Return the listing below unchanged, except that the pictures are dropped.

··· Data for this task ···

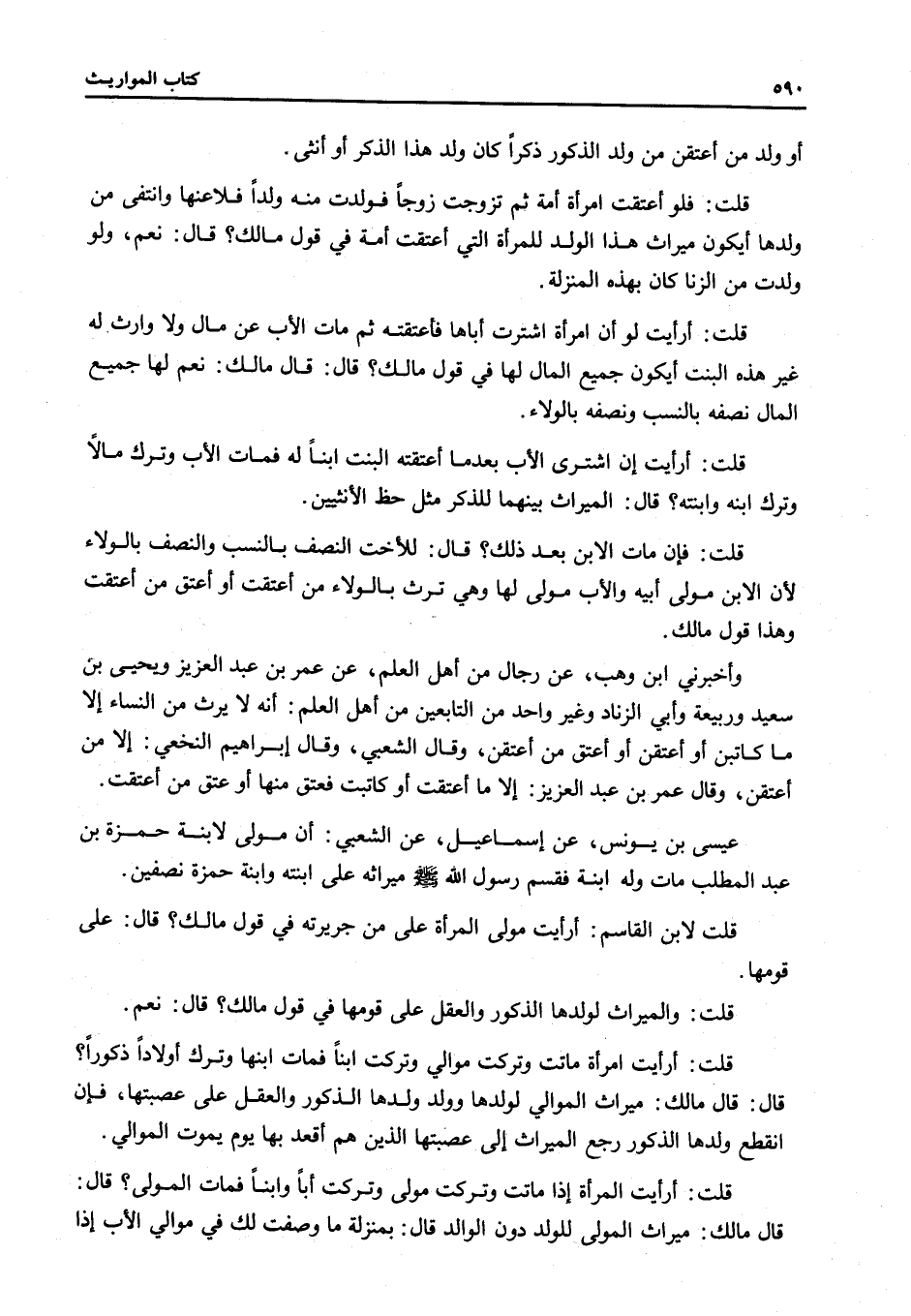 قَالَ: قَالَ مَالِكٌ: مِيرَاثُ الْمَوَالِي لِوَلَدِهَا وَوَلَدِ وَلَدِهَا الذُّكُورِ وَالْعَقْلُ عَلَى عَصَبَتِهَا، فَإِنْ انْقَطَعَ وَلَدُهَا الذُّكُورُ رَجَعَ الْمِيرَاثُ إلَى عَصَبَتِهَا الَّذِينَ هُمْ أَقْعَدُ بِهَا يَوْمَ يَمُوتُ الْمَوَالِي.
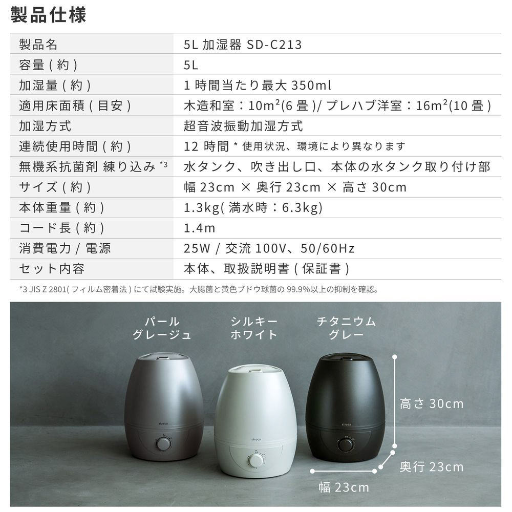 加湿器 パールグレージュ SD-C213CH [超音波式]
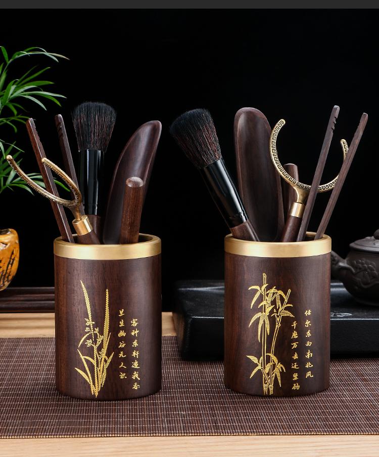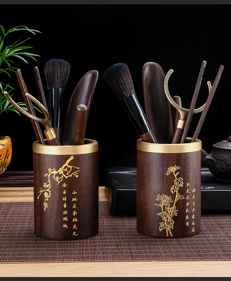 Copper Wood plum blossom six gentleman set [send tea towel]]
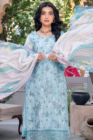 - Digital Print Embroidered Lawn Shirt With Digital Print Diamond Slub Dupatta
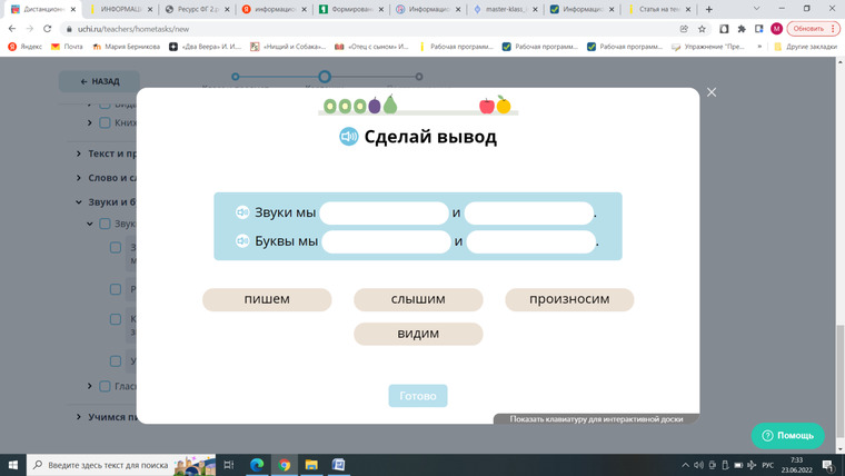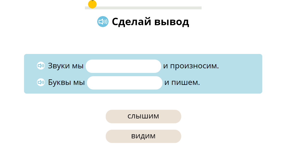 Для выполнения этого задания, обучающихся должен вспомнить, что такое буква, и что мы можем с ней сделать (написать, прочитать), а что такое звук, верно его мы слышим, говорим.
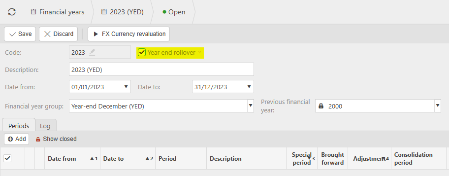 Document type: This is a "Periodicity" section in environment settings, period handling. Consider relaxing the posting attribute validation checks if you're not going to include all balance sheet posting attributes. Additionally, if the YERO document type is locked, unlock it and set it as the default here.
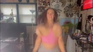 Huge tits bust outta sports bra during jumping jacks
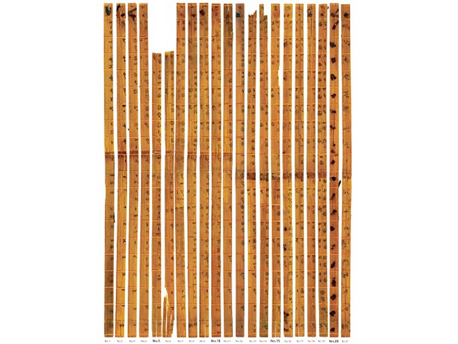 The 21 bamboo strips collected by Tsinghua University as the earliest decimal computation system, namely. (Photo by Guinness World Records)
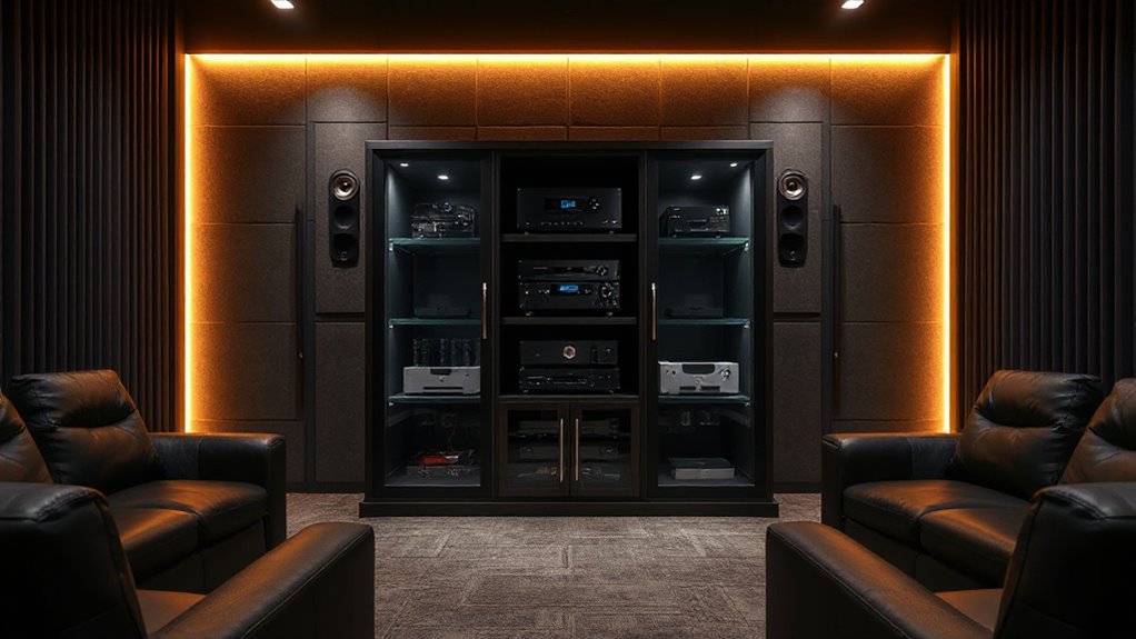 Think of a home theater rack as a fortress for your equipment. Most models come with lockable doors, padlock provisions, and secure handles to safeguard your gear. Some even feature electronic locks or security alarms for added protection. I recommend choosing a rack with robust locking mechanisms and tamper-proof construction to keep your equipment safe from theft or accidental damage, ensuring peace of mind during movie nights.
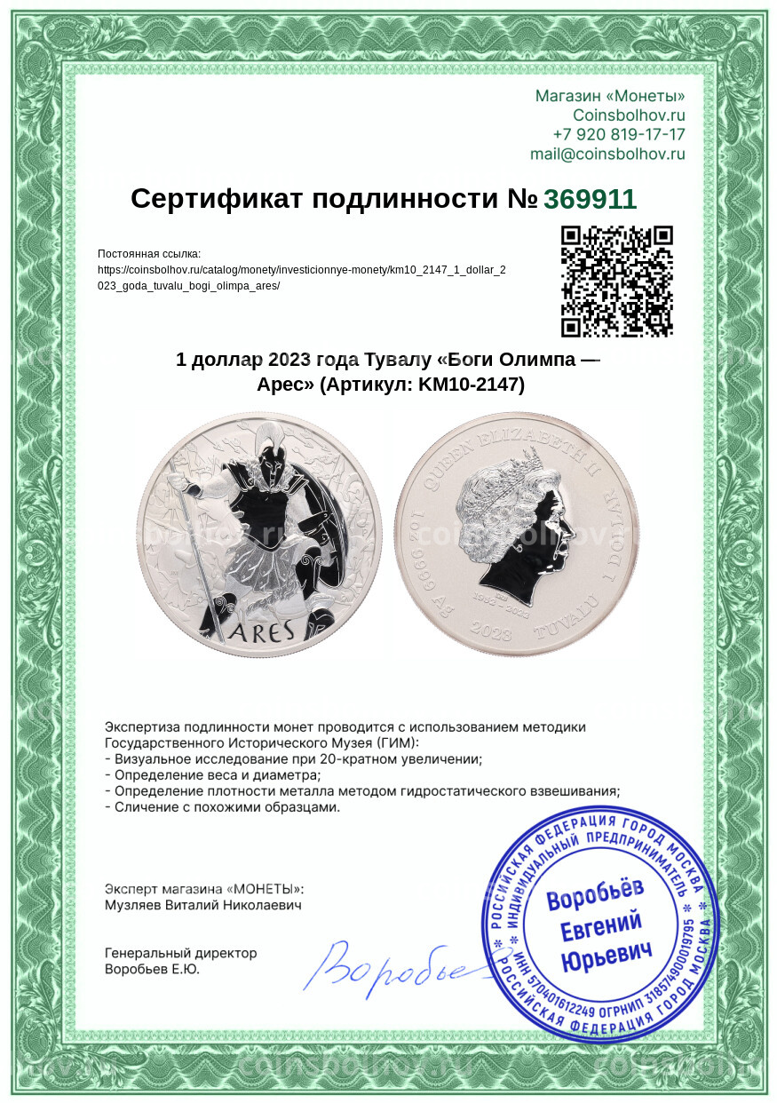 Монета 1 доллар 2023 года Тувалу «Боги Олимпа — Арес»
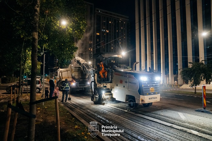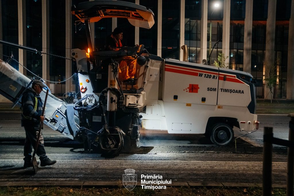 În această noapte, a început amenajarea culoarului verde pentru autobuze pe B-dul Take Ionescu din Timișoara.
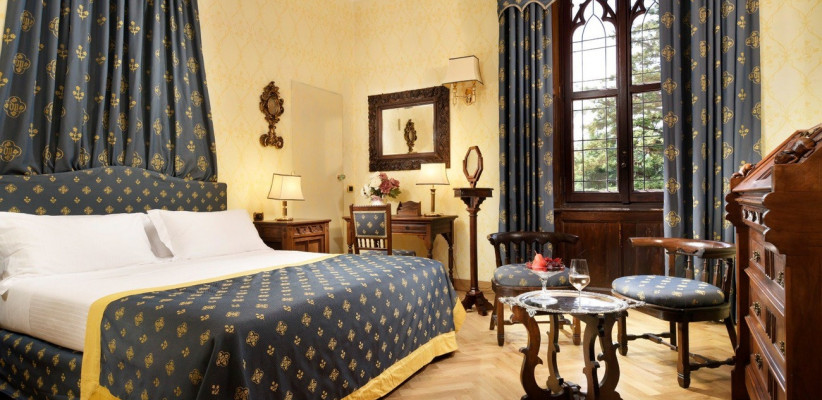 Castello Dal Pozzo – исторический отель, расположенный в живописной загородной местности с изысканным интерьером и современными удобствами, идеально сочетающий комфорт и атмосферу старинного замка. Номера оформлены в неоготическом стиле. Отель находится примерно в 35 километрах от аэропорта Мальпенса.
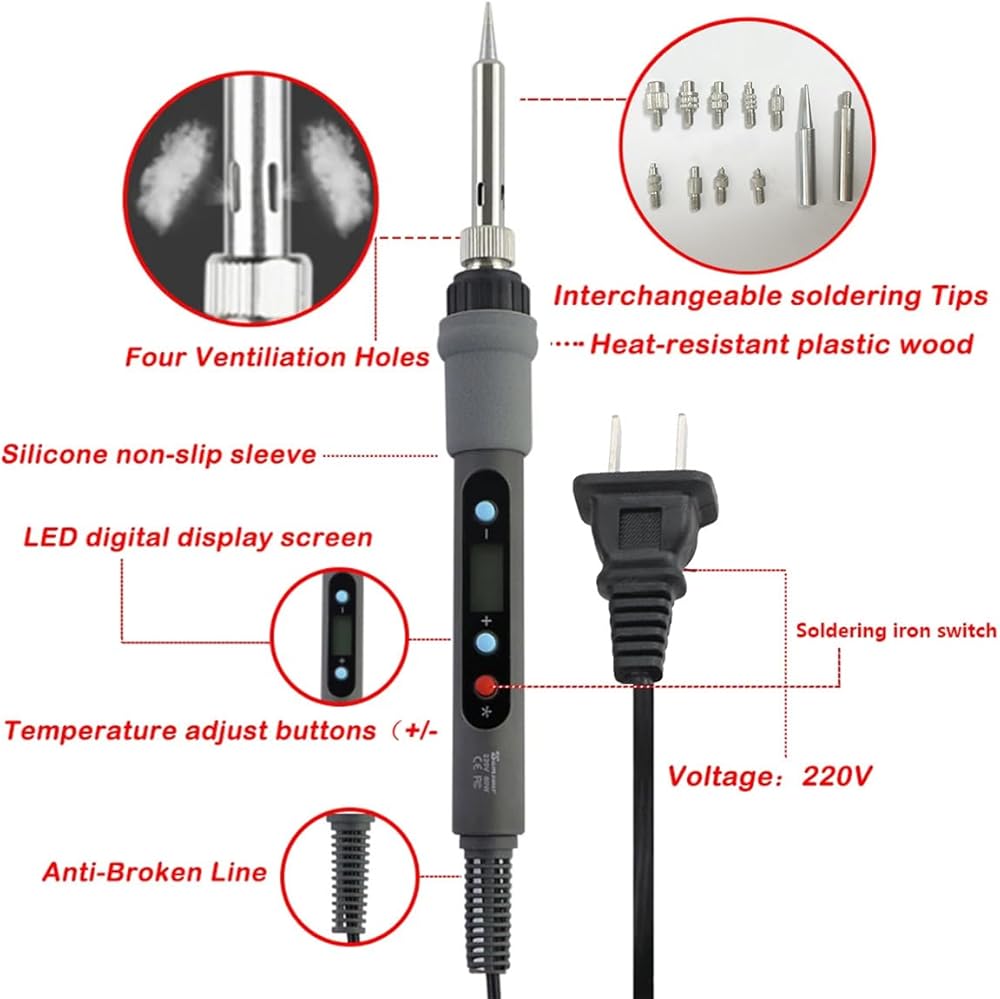 【مكواة لحام رقمية】تسخن المكواة الكهربائية بقدرة 60 وات بسرعة مع درجة حرارة أساسية من السيراميك: 180 درجة مئوية - 500 درجة مئوية، متينة للغاية، غير عرضة للأكسدة، تسخن بسرعة ولكن يمكن التحكم فيها.
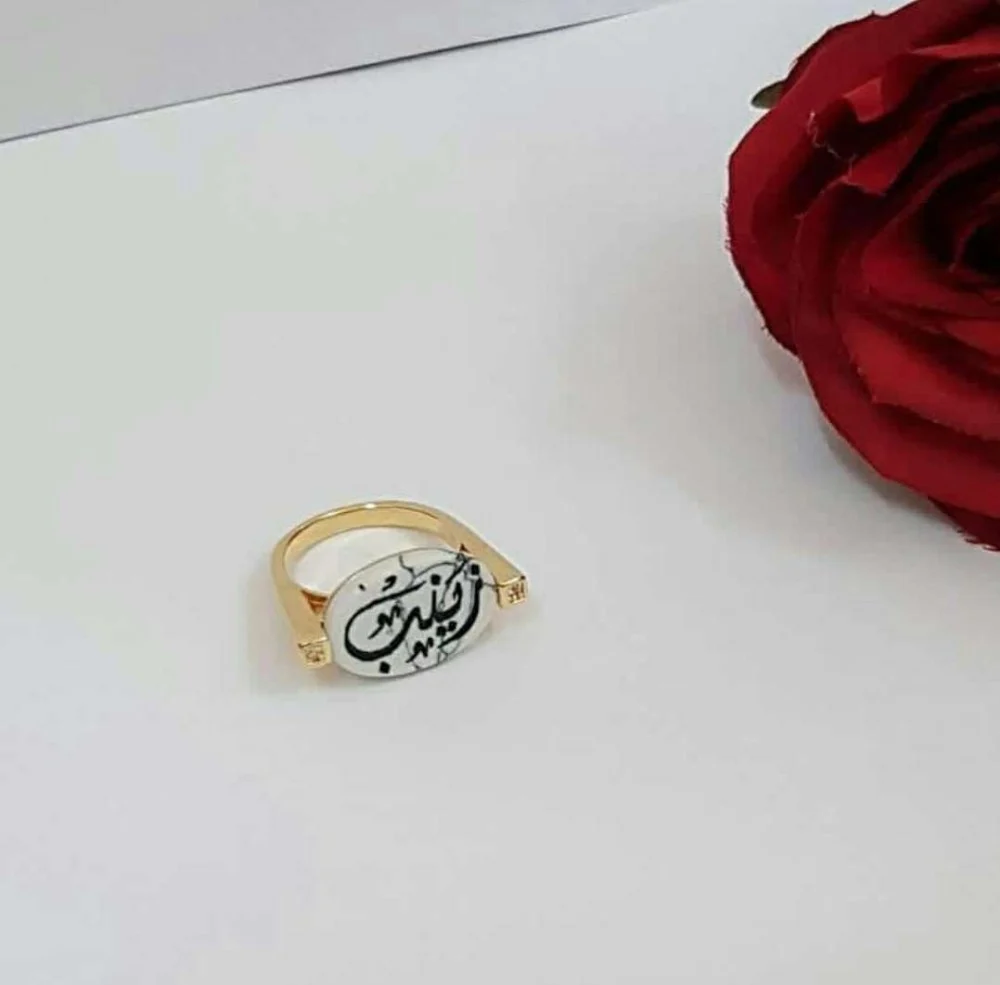 - خاتم بالاسم يحمل مزيجًا من الفخامة والبساطة.
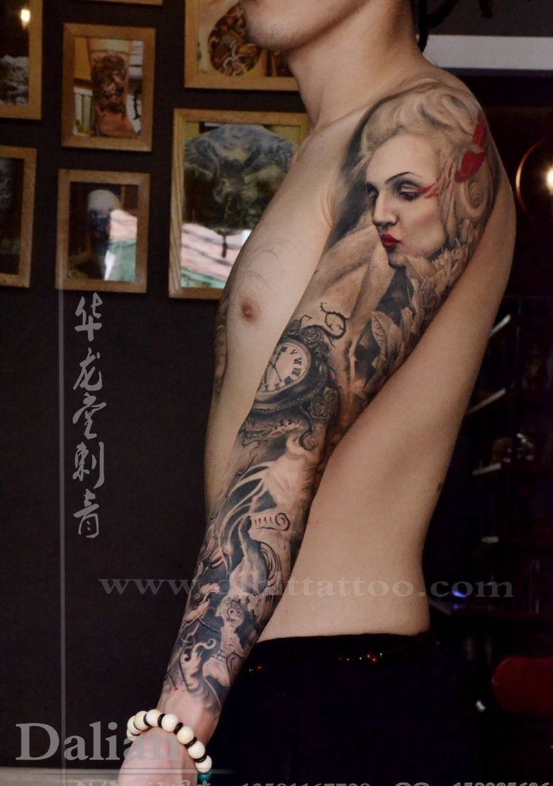 大连华龙堂刺青纹身图片_成品胸部腿部手臂欧美传统习俗肖像清新写实纹身图案
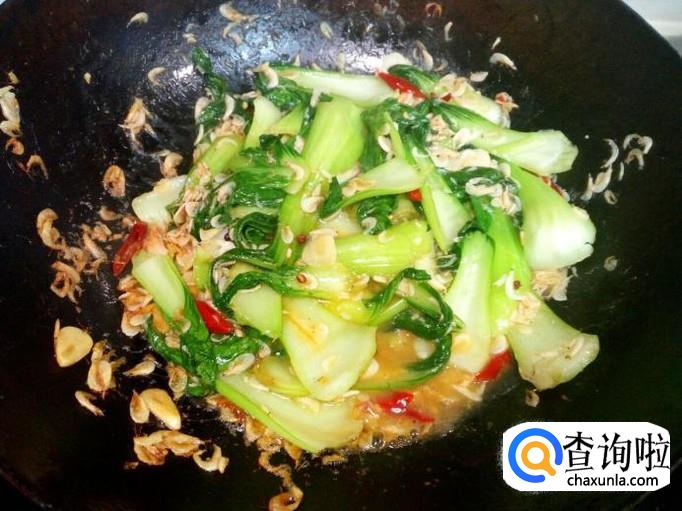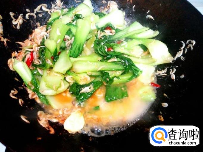 油菜炒至断生,放入勾兑好的薄欠,芡汁粘稠后,放入味精,关火出勺。
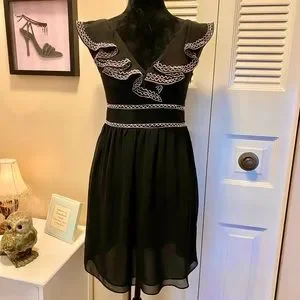 Adorable v-neckline semi sheer ruffled edge party dress by Emmelee.

···

**The answer**
 قَالَ: قَالَ مَالِكٌ: مِيرَاثُ الْمَوَالِي لِوَلَدِهَا وَوَلَدِ وَلَدِهَا الذُّكُورِ وَالْعَقْلُ عَلَى عَصَبَتِهَا، فَإِنْ انْقَطَعَ وَلَدُهَا الذُّكُورُ رَجَعَ الْمِيرَاثُ إلَى عَصَبَتِهَا الَّذِينَ هُمْ أَقْعَدُ بِهَا يَوْمَ يَمُوتُ الْمَوَالِي.
 加湿器 パールグレージュ SD-C213CH [超音波式]
 Copper Wood plum blossom six gentleman set [send tea towel]]
 - Digital Print Embroidered Lawn Shirt With Digital Print Diamond Slub Dupatta
 Для выполнения этого задания, обучающихся должен вспомнить, что такое буква, и что мы можем с ней сделать (написать, прочитать), а что такое звук, верно его мы слышим, говорим.
 Document type: This is a "Periodicity" section in environment settings, period handling. Consider relaxing the posting attribute validation checks if you're not going to include all balance sheet posting attributes. Additionally, if the YERO document type is locked, unlock it and set it as the default here.
 Huge tits bust outta sports bra during jumping jacks
 The 21 bamboo strips collected by Tsinghua University as the earliest decimal computation system, namely. (Photo by Guinness World Records)
 Think of a home theater rack as a fortress for your equipment. Most models come with lockable doors, padlock provisions, and secure handles to safeguard your gear. Some even feature electronic locks or security alarms for added protection. I recommend choosing a rack with robust locking mechanisms and tamper-proof construction to keep your equipment safe from theft or accidental damage, ensuring peace of mind during movie nights.
 Монета 1 доллар 2023 года Тувалу «Боги Олимпа — Арес»
 În această noapte, a început amenajarea culoarului verde pentru autobuze pe B-dul Take Ionescu din Timișoara.
 Castello Dal Pozzo – исторический отель, расположенный в живописной загородной местности с изысканным интерьером и современными удобствами, идеально сочетающий комфорт и атмосферу старинного замка. Номера оформлены в неоготическом стиле. Отель находится примерно в 35 километрах от аэропорта Мальпенса.
 【مكواة لحام رقمية】تسخن المكواة الكهربائية بقدرة 60 وات بسرعة مع درجة حرارة أساسية من السيراميك: 180 درجة مئوية - 500 درجة مئوية، متينة للغاية، غير عرضة للأكسدة، تسخن بسرعة ولكن يمكن التحكم فيها.
 - خاتم بالاسم يحمل مزيجًا من الفخامة والبساطة.
 大连华龙堂刺青纹身图片_成品胸部腿部手臂欧美传统习俗肖像清新写实纹身图案
 油菜炒至断生,放入勾兑好的薄欠,芡汁粘稠后,放入味精,关火出勺。
 Adorable v-neckline semi sheer ruffled edge party dress by Emmelee.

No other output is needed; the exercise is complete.